La tarea fundamental como en educación será entonces situar a quienes estudian en el camino de la interrogación. No hacemos del cuestionamiento un juego o una mera ejercitación desinteresada sino que de lo que se trata es cuestionarse a sí mismo, de cuestionar la propia vida, nuestras decisiones, acciones, posiciones. El lugar que ocupa quien enseña es fundamental. Quien comparte los espacios de filosofía no está allí como quien transmite un saber sino como amante del saber. Su pasión, su deseo es el de ayudar a querer saber, a querer pensar, a querer aprender. Inspira en los otros esta vocación humana a la que nos referíamos anteriormente, la de la búsqueda, la de la curiosidad.

 

Uno de los elementos más relevantes de este proyecto es la posibilidad de reconocer valiosas modificaciones a partir de testimonios, comentarios espontáneos, propuestas de actividades, cuestionamientos auténticos de docentes, niñas, niños y adolescentes a partir de las vivencias dentro del aula.

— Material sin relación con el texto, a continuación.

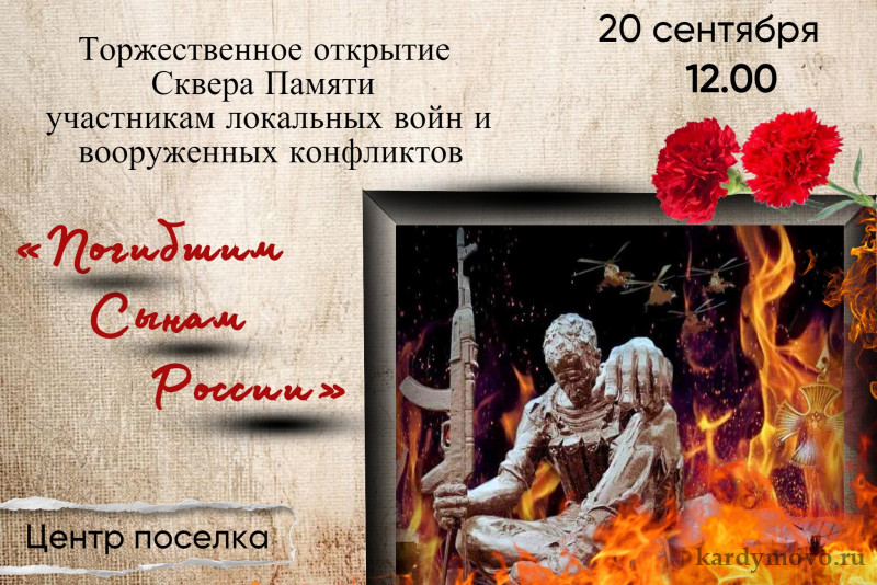 Приглашаем жителей и гостей Кардымовского района посетить торжественное открытие Сквера Памяти участникам локальных войн и конфликтов.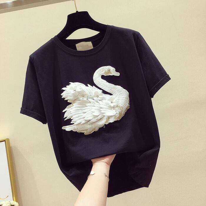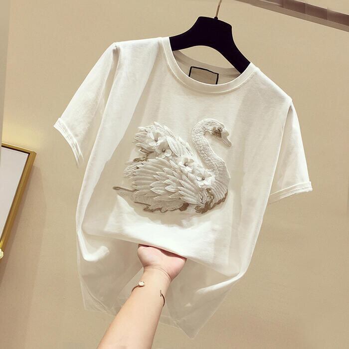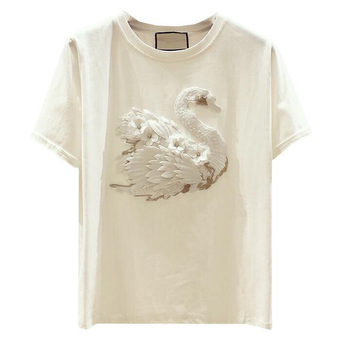 全2色 トップス Tシャツ カットソー 刺繍 レディース カジュアル 半袖 おしゃれ 大人 可愛い エレガント フェミニン クルーネック きれいめ スワン 白鳥 大きいサイズ ブラック 黒 ホワイト 白 春 夏 秋 20代 30代 40代 50代

Las experiencias se convierten en material sobre el que seguir des-aprendiendo y aprendiendo la tarea de educar.

 

Es en este sentido en que la filosofía se vuelve una oportunidad para la escuela. Una oportunidad para hacer escuela en la escuela, para que el tiempo libre escolar sea real, que se garantice lo estrictamente escolar: el estudio como el ejercicio que abre a la vida y al mundo. Como nos recuerda Walter Kohan: “El tiempo libre escolar es un tiempo para encontrarse con el mundo tal como es, para comprometerse con algo que está más allá de las particularidades personales y, a partir de allí, recrear el mundo, iniciar un nuevo mundo, encontrar un nuevo comienzo para el mundo”(Kohan, 2015, 117).